De gedaagde doet er naar mijn mening goed aan om al op voorhand wat dit probleem betreft het zekere voor het onzekere te nemen en te bepleiten dat een uitdrukkelijke bepaling in de veroordeling wordt opgenomen, op grond waarvan de dwangsom naar evenredigheid wordt verbeurd indien gedeeltelijk aan de veroordeling wordt voldaan.6 Als verschillende prestaties in één veroordeling worden vastgelegd, verdient het de voorkeur om deze zoveel mogelijk met afzonderlijke dwangsomveroordelingen te versterken.7
Als de uitleg van de veroordeling in het concrete geval ertoe leidt dat moet worden aangenomen dat de dwangsom en de hoofdveroordeling zich naar evenredigheid tot elkaar verhouden, kunnen mijns inziens nog twee wegen leiden tot het resultaat dat de dwangsom na gedeeltelijke voldoening aan de hoofdveroordeling slechts gedeeltelijk verschuldigd is. In de eerste plaats kan de evenredige verbeurte mede worden gegrond op de stelling dat de hoofdveroordeling voor wat betreft het al nagekomen gedeelte niet meer voor gedwongen tenuitvoerlegging vatbaar is.8 In de tweede plaats is in het hier bedoelde geval bepleitbaar dat een beroep op de rechter krachtens art. 611d Rv openstaat:9 aan de huidige interpretatie van het onmogelijkheidsbegrip wordt immers steeds voldaan in die gevallen waarin de dwangsom zijn functie als dwangmiddel heeft verloren, hetgeen het geval is voor wat betreft het gedeelte van de hoofdveroordeling waaraan is voldaan.

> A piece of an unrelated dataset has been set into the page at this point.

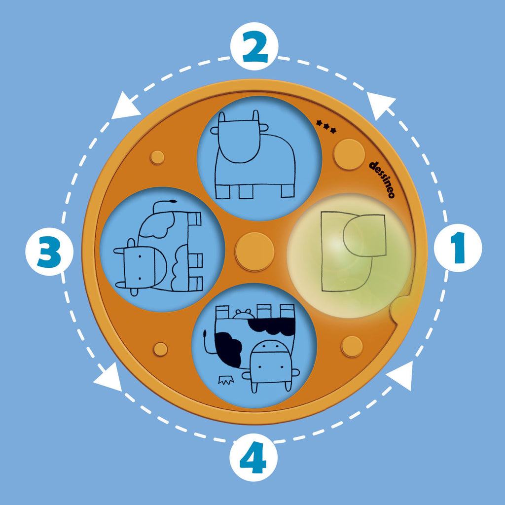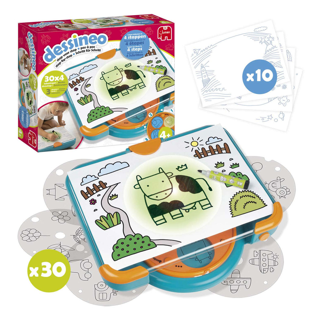 Mijn eerste spel om te leren tekenen! Dessineo is speciaal ontworpen voor kinderen van 4 jaar en ouder. Het soort leert op een eenvoudige en leuke manier stap voor stap tekenen. Met eenvoudige vormen zoals een cirkel, vierkant en driehoek, tekent het kind een poes, kerstman, vliegtuig... De tekenvellen zijn al voorbedrukt met inspirerende achtergronden: een zee voor de vis, het heelal voor de raket en een sneeuwlandschap voor de kerstman! Het spel stimuleert de creativiteit en fantasie van het soort. Leren tekenen in 4 stappen. Kies een van de transparante sjabloonschijven en leg deze in de draaischijf. Bijvoorbeeld de vis. Zet de projector aan. Kies een van de achtergrondbladen (bijvoorbeeld de zee) en een been dat op het transparante deksel van de projector tussen de vier bevestigingspunten zit, zodat het blad goed blijft liggen. 1. Draai de schijf met het tekensjabloon naar cijfer 1. De eerste stap van de tekening wordt nu geprojecteerd: een grote ovaal voor het lichaam en 2 boogjes voor de vinnen. Trek de eerste lijnen over met de stift. 2. Draai de schijf naar de stap 2 en teken het hoofd, de grote vin en de staart. 3. Teken in stap 3 het oog, de mond en de strepen, en kijk: er is een vrolijke vis verschenen! 4. In stap 4 komen er nog belletjes, een zeester en een klein visje bij. Tot het slot kan de tekening niet worden gekleurd. Alles kan netjes worden opgeborgen in de tekentafel. De tekentafel heeft een handvat, zodat je het overal mee naartoe kunt nemen. - 1 tekentafel met draaischijf en projectorlamp - 30 tekensjablonen op 3 verschillende niveaus - 10 achtergrond Inhoudbladen A4 - 1 zwarte stift.

Geen van de genoemde wegen is tot op heden in de jurisprudentie van het Benelux-Gerechtshof bevestigd. Met betrekking tot het geval van gedeeltelijke voldoening is daarentegen slechts bekend het oordeel van het Benelux-Gerechtshof in de zaak Trenning/Krabben, dat inhield dat de dwangsom ondanks gedeeltelijke nakoming onverkort werd verbeurd. Het oordeel van het Benelux-Gerechtshof hield in deze zaak echter verband met het feit dat in de veroordeling expliciet was opgenomen dat de dwangsom zou worden verbeurd bij elk 'geheel of gedeeltelijk niet voldoen', zodat een redelijke uitleg van die veroordeling onmogelijk kon leiden tot de conclusie dat de dwangsom bij gedeeltelijke voldoening slechts gedeeltelijk werd verbeurd. Als een met dwangsom versterkte veroordeling de hier gebruikte 'geheelof-gedeeltelijk-formule' behelst, kan evenmin worden aangenomen dat de functie van de dwangsom als dwangmiddel na gedeeltelijke voldoening gedeeltelijk verloren is gegaan: zolang niet geheel aan de veroordeling is voldaan, is van gedeeltelijke functieverlies geen sprake. Ook naar huidige interpretatie van het onmogelijkheidsbegrip zou het oordeel van het Benelux-Gerechtshof in deze zaak naar mijn mening dus niet anders hebben kunnen luiden. Bij het ontbreken van de 'geheel-of-gedeeltelijk-formule' is het tegengestelde oordeel mijns inziens wel degelijk bepleitbaar, afhankelijk van de vraag hoe de betrokken veroordeling moet worden uitgelegd.